Business is transforming from automating transactions and record keeping to enabling knowledgeable interactions with customers and suppliers. Semantic wave is all about net-centric infrastructure, knowledge work automation, supporting cognitive processes and building systems that know what they are doing. The teacher-student dynamic is grounded in knowledgeable interactions. Semantic technologies enable people to create, discover, represent, organize, process, manage, reason with, present, share and use meanings and knowledge to accomplish human purposes.

Seems to me that learning is a prime human purpose. K-12 education is destined to be caught by the semantic wave. It’s up to us to time the launching the surf board and keep it in the groove.

DARPA and the English Language Learner

Battelle presented its Competing with Talent – High Technology Manufacturing’s Future in Greater Phoenix study (www.maricopa.edu/workforce/hightech.php) at Thursday’s Governor’s Council on Innovation and Technology. This work, sponsored by Salt River Project and Maricopa Community College, focused in the rapid changes needed in technician talent pipeline.

While thinking about how we generate this “technician talent pipeline” my mind drifted into the image of computer adoption over the past ten years in K-12 education. In the mid 1990’s there was about one modern, multimedia computer for every 15 students and most of these were in isolated computer labs. By 2000 the School Facilities Board had wired Arizona classrooms and brought modern computer ratio to 1:8 with some migrating into classrooms. Today these computers and operating systems have aged toward obsolescence, and cannot even run current computer based tests. Then the image – what if this situation continues for another ten years?

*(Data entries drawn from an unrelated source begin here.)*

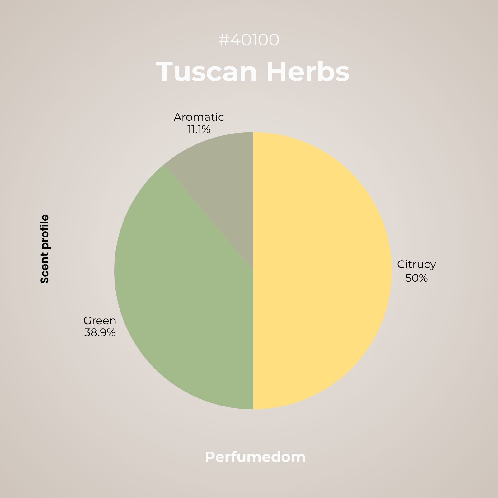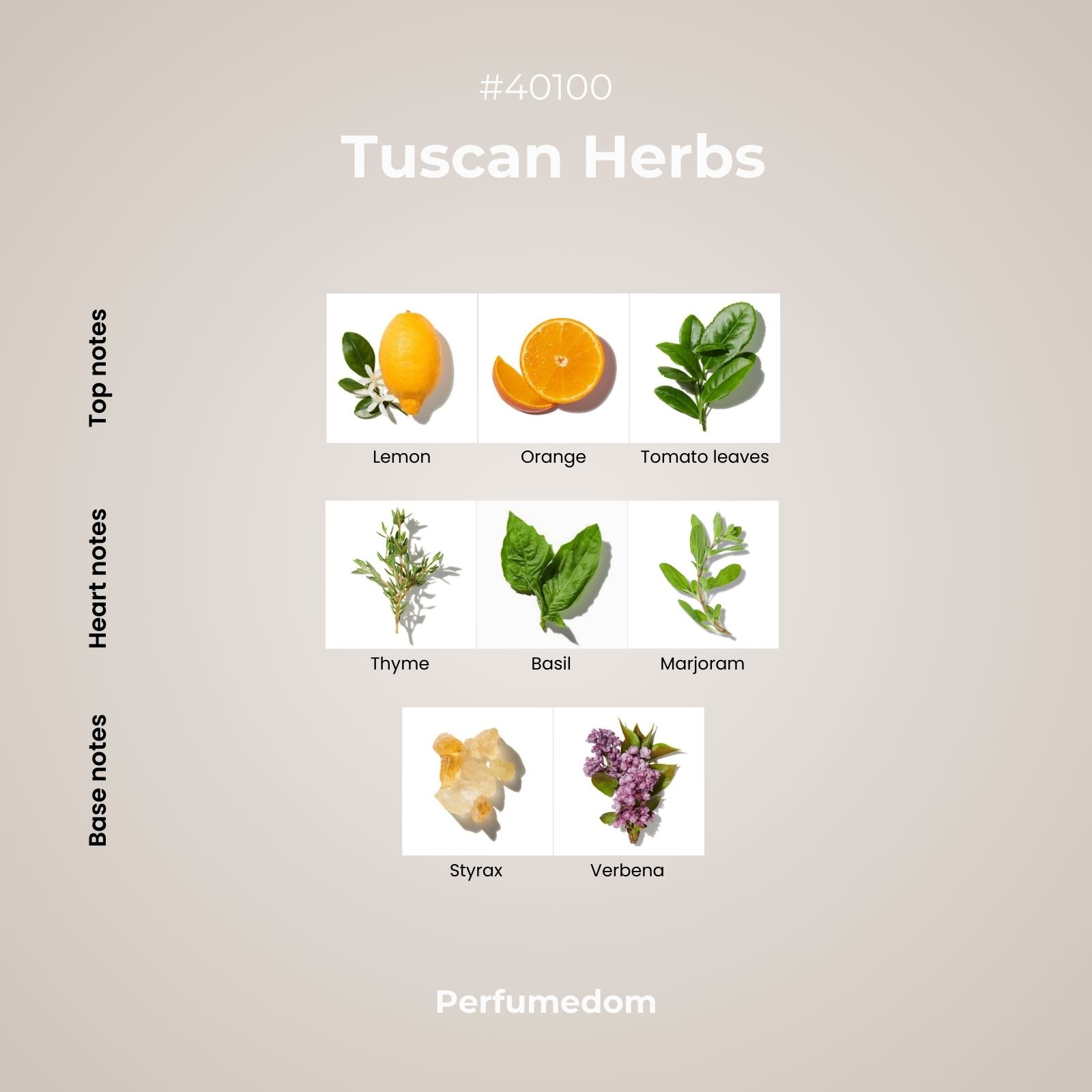 Tuscan Herbs Fragrance Oil is an unforgetable journey to the famous countryside of Tuscany, Florence. A bright green accord of lemon, orange peel, tomato leaves, freshly picked thyme and basil is harmoniously paired with a warm base of aromatic woods, a touch of styrax and lemon verbena.
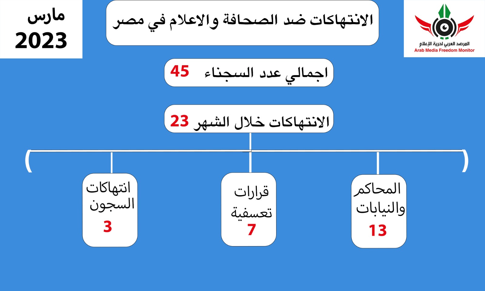 رصد المرصد العربي لحرية الإعلام (اكشف ) خلال تقريره عن انتهاكات حرية الإعلام في مصر لشهر مارس 2023 المنصرم 23 انتهاكا مع استمرار حبس 45 صحفيا وصحفية، بينهم 13 نقابيا، بعد الإفراج عن صحفيين اثنين.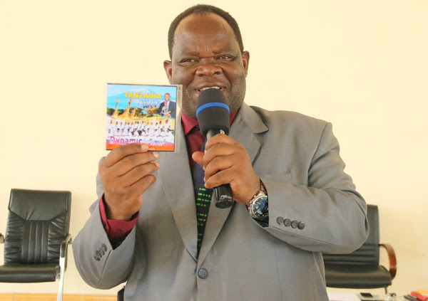 Askofu wa Kanisa la EAGT Ushirika Makimbilio Healing Center mjini Shinyanga, Raphael Machimu akionesha CD/DVD ya Wimbo Maalumu wa Picha uliopewa jina la Tanzania ya Amani kutoka Dynamic Choir EAGT Ushirika Shinyanga.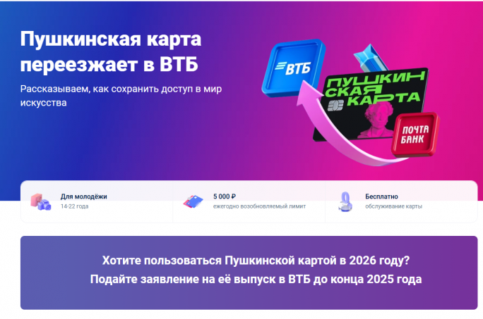 С 1 января 2026 года роль оператора Программа «Пушкинская карта» (далее – Программа) перейдет от АО «Почта Банк» к Банку ВТБ (ПАО).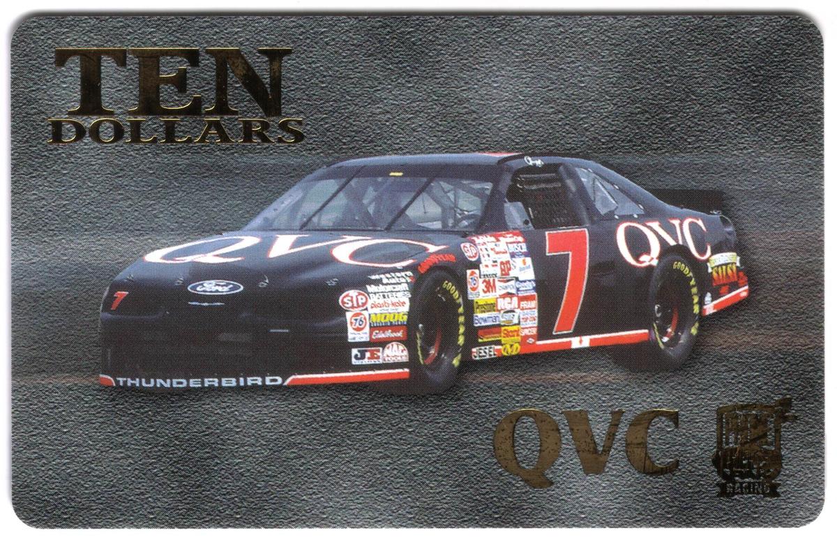 The card has a textured grey background. The top left corner shows the denomination "TEN DOLLARS" in large gold foil letters, while the lower right corner displays the "QVC" logo in matching gold foil. A small emblem for Finish Line Racing appears in the bottom right area near the QVC text.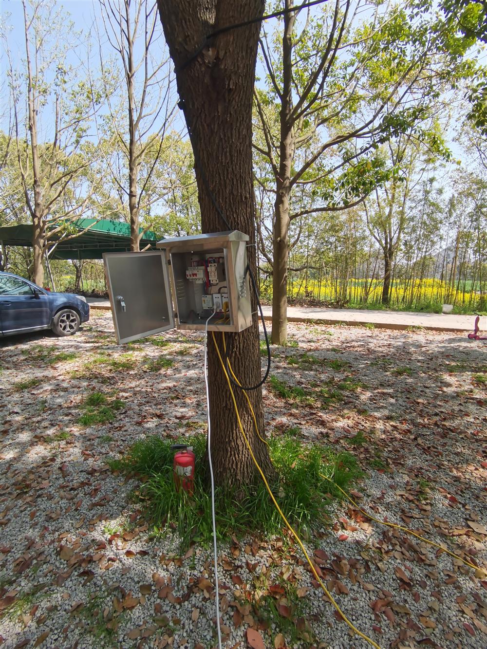 粗壮的黑色电缆线从树木枝丫中穿过,接入树根部铁皮电箱里的插座,供露营者用拖线板接出使用。

There will be no reason for training and educating elearning savvy teachers because they have no place to practice their new expertise. The potential cost savings from eLearning will vanish. Costly but less effective legacy enhancements will continue to push up education costs while academic performance lags well below expectation. But the biggest loss will be the inability to exploit emerging digital curriculum and automated formative assessments.

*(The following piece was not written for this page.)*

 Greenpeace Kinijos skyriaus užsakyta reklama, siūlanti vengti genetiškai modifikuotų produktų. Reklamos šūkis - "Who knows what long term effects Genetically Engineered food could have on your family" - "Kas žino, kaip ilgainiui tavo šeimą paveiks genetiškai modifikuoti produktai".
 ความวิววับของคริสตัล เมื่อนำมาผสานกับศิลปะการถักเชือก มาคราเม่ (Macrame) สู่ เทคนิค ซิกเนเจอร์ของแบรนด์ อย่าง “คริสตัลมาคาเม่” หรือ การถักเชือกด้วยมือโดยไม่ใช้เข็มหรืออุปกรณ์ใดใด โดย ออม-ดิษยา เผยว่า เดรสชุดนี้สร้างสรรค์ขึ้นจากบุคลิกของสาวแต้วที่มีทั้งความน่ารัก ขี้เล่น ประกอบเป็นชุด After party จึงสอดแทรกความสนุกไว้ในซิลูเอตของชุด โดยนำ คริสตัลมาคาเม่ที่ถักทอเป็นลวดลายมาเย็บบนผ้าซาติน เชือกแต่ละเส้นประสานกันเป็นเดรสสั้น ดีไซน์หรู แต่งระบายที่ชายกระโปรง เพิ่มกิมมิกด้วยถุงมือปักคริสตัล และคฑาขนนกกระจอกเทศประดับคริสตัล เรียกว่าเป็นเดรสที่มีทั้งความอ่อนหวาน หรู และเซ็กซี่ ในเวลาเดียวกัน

Three years ago I was asked by Defense Advanced Research Projects Agency to participate in a workshop to write specifications for an eLearning research RFP. I found myself in a group of the nation’s top language learning experts. The result was a DARPA contract to University of Southern California’s Center for Advanced Research in Technology for Education http://www.isi.edu/isd/carte/proj_tactlang/index.html.

I met with the DARPA group leader in Mesa last month and he was enthusiastic about how even he was able to learn Arabic in his busy schedule with the tactical language trainer. The training system enables learners to communicate directly with on-screen characters using a speech recognition interface.

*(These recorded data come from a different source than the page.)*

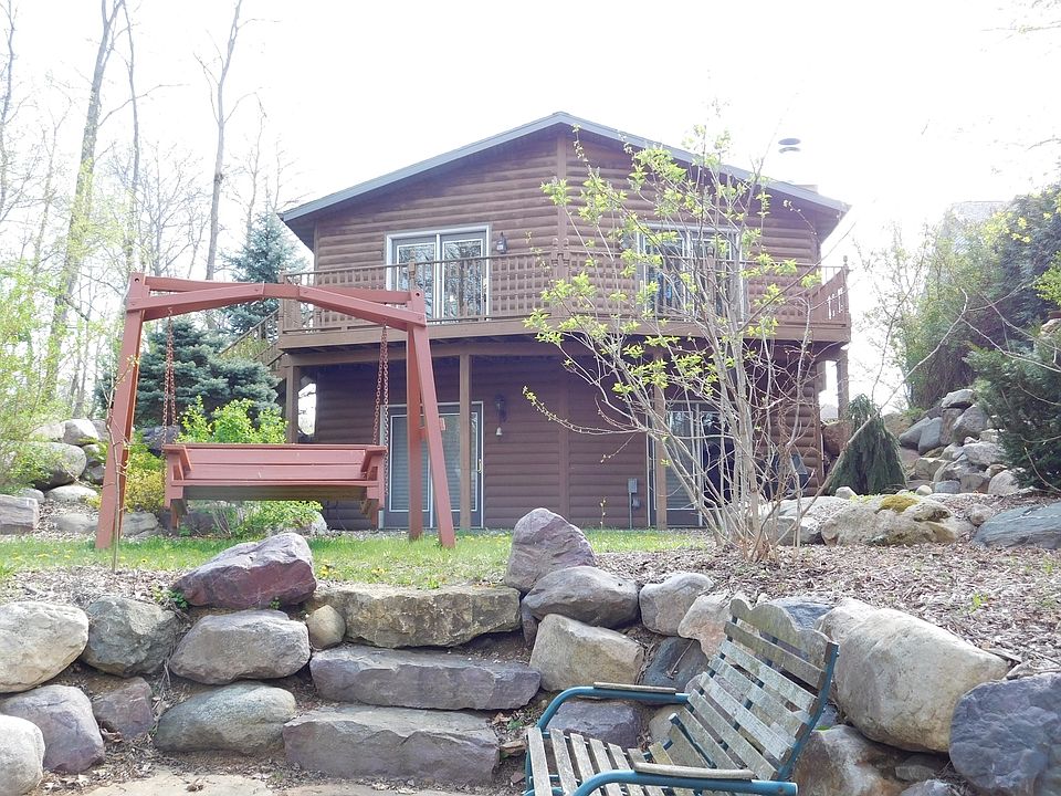 A unique setting for this lovely log home with 3 bedrooms and 3 baths and 118 frontage on the Baraboo River. The home is handicapped accessible with a ramp from the garage into the home. Steam shower, Sauna, Fireplace, skylights are just a few of the amenities offered here. New roof was put on in 2013 and new flooring in 2015. The lower level walks out to a nice landscaped yard of perennials, rock gardens, waterfall, and fire-pit. A must see if you enjoy being on water.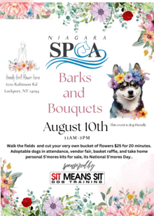 Adoptable dogs in attendance, vendor fair, basket raffle,bake sale, kids spin wheel, and take home family personal Smores kits for sale, its National S'mores Day.. First 30 children receive a FREE personal s'mores kit. Visit with onsite miniature ponies,Sunrise and Sunset. Just recently added Uncle G's Ice Cream Truck onsite 12-2. Serving ice cream for your pup. 50% of pup cup sales back to the Niagara SPCA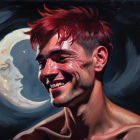 A vibrant painting of a smiling man with striking red hair, set against a dreamy night sky with a luminous moon. His expression exudes joy and warmth, capturing a moment of happiness.

If Arizona had stayed on the computer system adoption march from 1995’s 16:1 to 2000’s 8:1 to 4:1 in 2005, we could have been 2:1 in 2010 and reached 1:1 by 2015. I am pulled to frustration by what physiologists call cognitive dissonance. I have a clear vision of what is and will be coming with emerging digital curriculum for our K-12 students. This tactical language trainer is only tiny piece of what will be available.

I also have a very clear image of how Arizona children could be mired in legacy lecture, recitation and seatwork education for the next ten years. If we stay this course where is our technician talent pipeline? Looks more like a few tanker trucks with flat tires! If we stay the course global competitive advantage opportunities will slip so far away that we won’t even know they existed.

eLearning a Leapfrog?

In January 8th 2006 Sunday’s Arizona Republic Viewpoints our Mary Jo Waits and Jon Talton teamed up to talk about frogs, Leapfrog in particular. And I thought the AZ state animal was the Horney Toad!

“Outthinking and jumping way ahead of competition vital to Arizona’s future” was the tag line.

They circled around eLearning but never quite identified it as a recommended Leapfrog for Arizona. Bill Gates was mentioned as saying that you can’t teach kids about today’s companies on a 50 year old mainframe. Their quintessential leapfrogger was picture of young Steve Jobs holding an Apple II. Their five “Big O’s”: bio, nano, info, cogno and condo hinted at the intersection of digital curriculum and systems (info) and the cognitive process of teaching and learning (cogno).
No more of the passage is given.